Data for this exercise =>
--------------------------------------------------

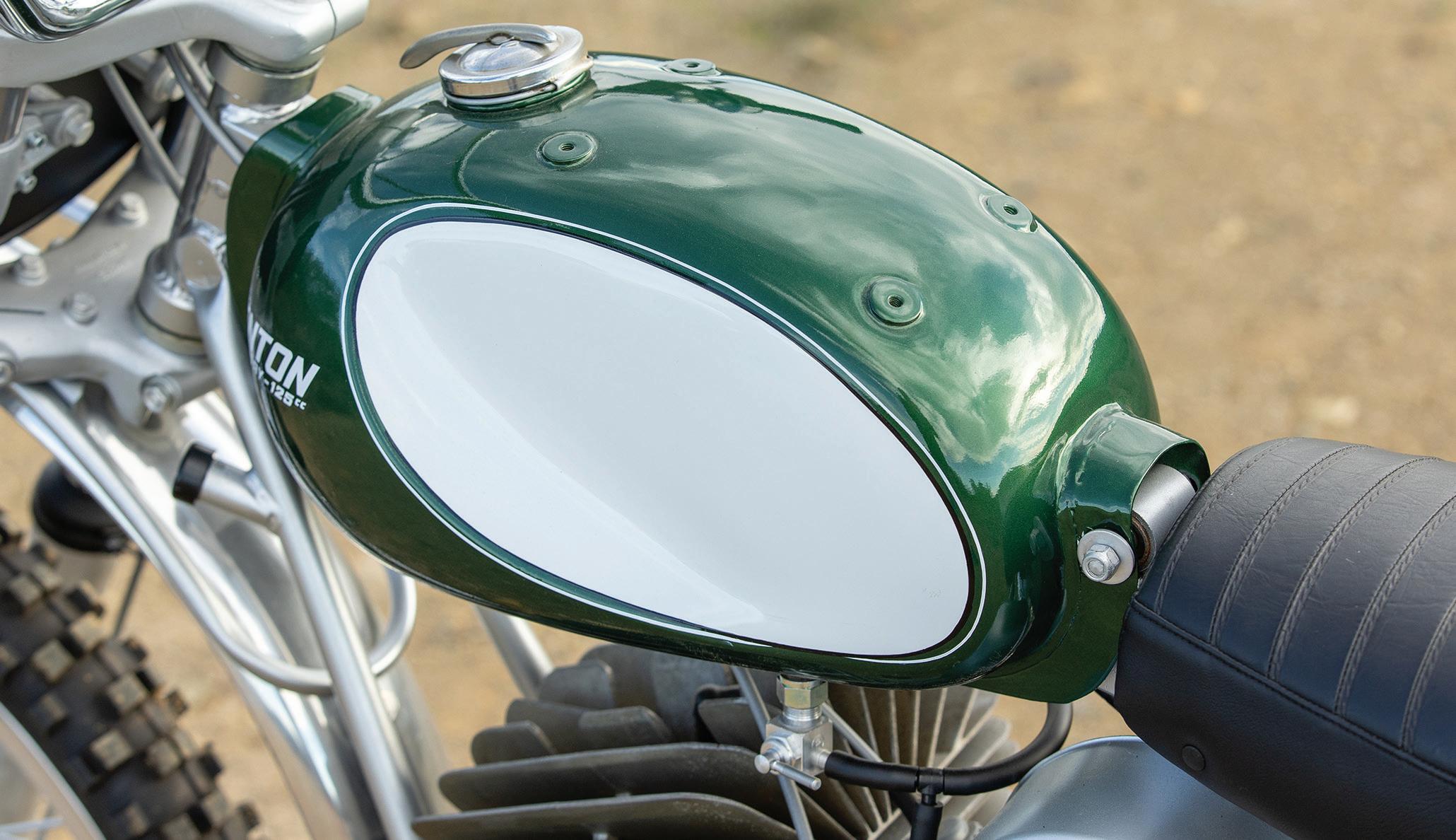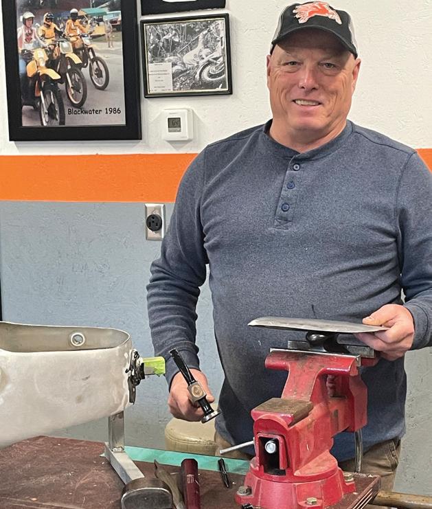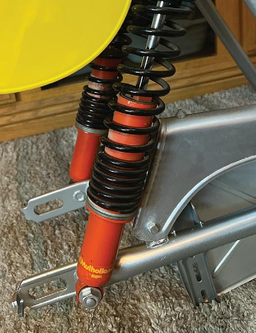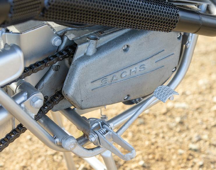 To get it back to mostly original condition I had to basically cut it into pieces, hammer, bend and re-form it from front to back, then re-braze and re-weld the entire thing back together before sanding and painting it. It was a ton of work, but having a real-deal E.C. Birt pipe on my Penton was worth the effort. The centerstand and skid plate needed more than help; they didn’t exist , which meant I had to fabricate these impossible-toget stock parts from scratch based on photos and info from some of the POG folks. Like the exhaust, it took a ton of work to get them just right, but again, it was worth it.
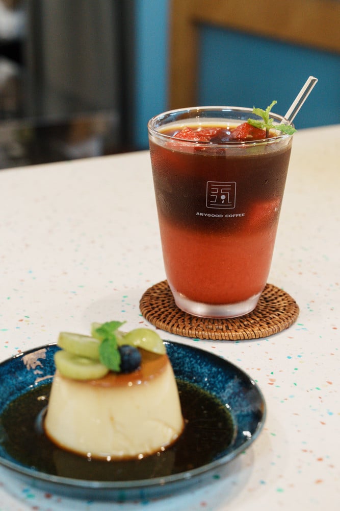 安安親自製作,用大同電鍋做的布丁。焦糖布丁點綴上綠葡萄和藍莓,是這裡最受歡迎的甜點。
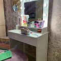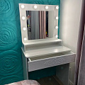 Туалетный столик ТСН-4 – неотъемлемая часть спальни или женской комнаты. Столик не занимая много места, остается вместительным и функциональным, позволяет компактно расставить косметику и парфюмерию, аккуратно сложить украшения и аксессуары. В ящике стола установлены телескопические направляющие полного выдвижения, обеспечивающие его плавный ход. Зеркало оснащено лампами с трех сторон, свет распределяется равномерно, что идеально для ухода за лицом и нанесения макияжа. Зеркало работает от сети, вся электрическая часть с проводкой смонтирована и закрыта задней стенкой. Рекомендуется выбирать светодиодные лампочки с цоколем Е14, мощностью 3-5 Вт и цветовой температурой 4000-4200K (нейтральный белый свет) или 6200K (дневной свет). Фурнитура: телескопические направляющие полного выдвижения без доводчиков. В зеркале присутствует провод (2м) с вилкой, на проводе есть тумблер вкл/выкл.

--------------------------------------------------

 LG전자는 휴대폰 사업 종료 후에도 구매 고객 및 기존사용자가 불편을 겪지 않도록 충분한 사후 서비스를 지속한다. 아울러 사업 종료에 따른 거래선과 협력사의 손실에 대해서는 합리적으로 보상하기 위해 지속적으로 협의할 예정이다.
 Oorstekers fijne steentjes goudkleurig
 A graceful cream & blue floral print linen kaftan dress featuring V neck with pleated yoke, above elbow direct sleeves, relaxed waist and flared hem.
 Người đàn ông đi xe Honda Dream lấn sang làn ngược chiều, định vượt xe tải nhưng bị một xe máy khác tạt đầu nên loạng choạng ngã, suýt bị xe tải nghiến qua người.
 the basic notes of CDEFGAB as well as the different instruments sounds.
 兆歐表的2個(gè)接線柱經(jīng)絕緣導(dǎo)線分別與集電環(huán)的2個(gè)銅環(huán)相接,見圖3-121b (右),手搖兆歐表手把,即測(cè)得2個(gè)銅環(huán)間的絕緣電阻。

--------------------------------------------------

Exercise goal =>
Leaving out the pictures, please output the lines in the entries above from the one with "To get it back" through the one with "Туалетный столик ТСН-4", exactly as they are.

Expected answer =>
 To get it back to mostly original condition I had to basically cut it into pieces, hammer, bend and re-form it from front to back, then re-braze and re-weld the entire thing back together before sanding and painting it. It was a ton of work, but having a real-deal E.C. Birt pipe on my Penton was worth the effort. The centerstand and skid plate needed more than help; they didn’t exist , which meant I had to fabricate these impossible-toget stock parts from scratch based on photos and info from some of the POG folks. Like the exhaust, it took a ton of work to get them just right, but again, it was worth it.
 安安親自製作,用大同電鍋做的布丁。焦糖布丁點綴上綠葡萄和藍莓,是這裡最受歡迎的甜點。
 Туалетный столик ТСН-4 – неотъемлемая часть спальни или женской комнаты. Столик не занимая много места, остается вместительным и функциональным, позволяет компактно расставить косметику и парфюмерию, аккуратно сложить украшения и аксессуары. В ящике стола установлены телескопические направляющие полного выдвижения, обеспечивающие его плавный ход. Зеркало оснащено лампами с трех сторон, свет распределяется равномерно, что идеально для ухода за лицом и нанесения макияжа. Зеркало работает от сети, вся электрическая часть с проводкой смонтирована и закрыта задней стенкой. Рекомендуется выбирать светодиодные лампочки с цоколем Е14, мощностью 3-5 Вт и цветовой температурой 4000-4200K (нейтральный белый свет) или 6200K (дневной свет). Фурнитура: телескопические направляющие полного выдвижения без доводчиков. В зеркале присутствует провод (2м) с вилкой, на проводе есть тумблер вкл/выкл.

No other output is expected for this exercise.